As a matter of fact, the attention weights already show that the model confuse the two cases big time (first-layer first-head):

right_vs_wrong

This is the picture of attention weights side-by-side for (a->b)=>(a->b) and (a->b)=>(b->a). Can you spot the differences?

On the other hand, this may also indicate that the model relies heavily on pattern matching, maybe using general structure signals such as brackets and operators.

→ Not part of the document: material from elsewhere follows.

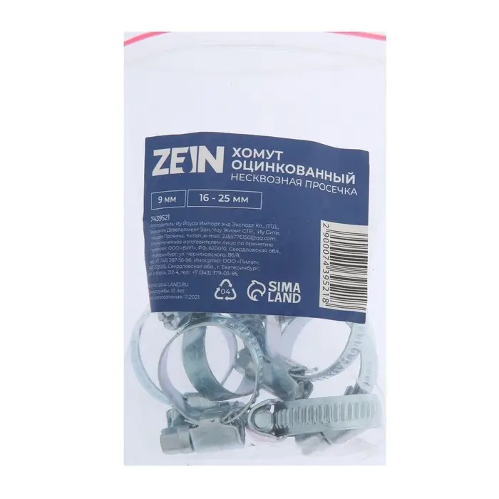 Хомут червячный ZEIN engr, несквозная просечка, диаметр 16-25 мм, ширина 9 мм, оцинкованный

Uncertainty on unprovable statements

When it is evaluated on some out-of-distribution(OOD) data samples (unprovable statement), it can “show hesitance”. It is generally well-known that the classification predictions tend to have a higher entropy on OOD samples.

uncertainty

uncertainty_2

Attention

Here is the first-layer and first-head attention weight under the following sequence:

position: 0    1    2    3     4    5    6     7    8    9   10   11   11   12   13     14
token:   '⇒', '(', '(', 'p0', '∧', '(', 'p0', '→', '⊥', ')', ')', '→', '⊥', ')', '\n', '[END]'

attn

Not sure how much can be read into it, one notable thing is that the first layer attention tends to use open or close bracket as a pivot (here the lighter vertical is at position 5 corresponding to the ‘(’ after the ‘∧’.

Final words

Overall, this is not a fully-fledged research paper and I am merely sharing the fun. Plus that this is a single highly-overfit model with a not-so-careful experiment setup. But I personally think that many thought-provoking questions are surfacing and screaming further study.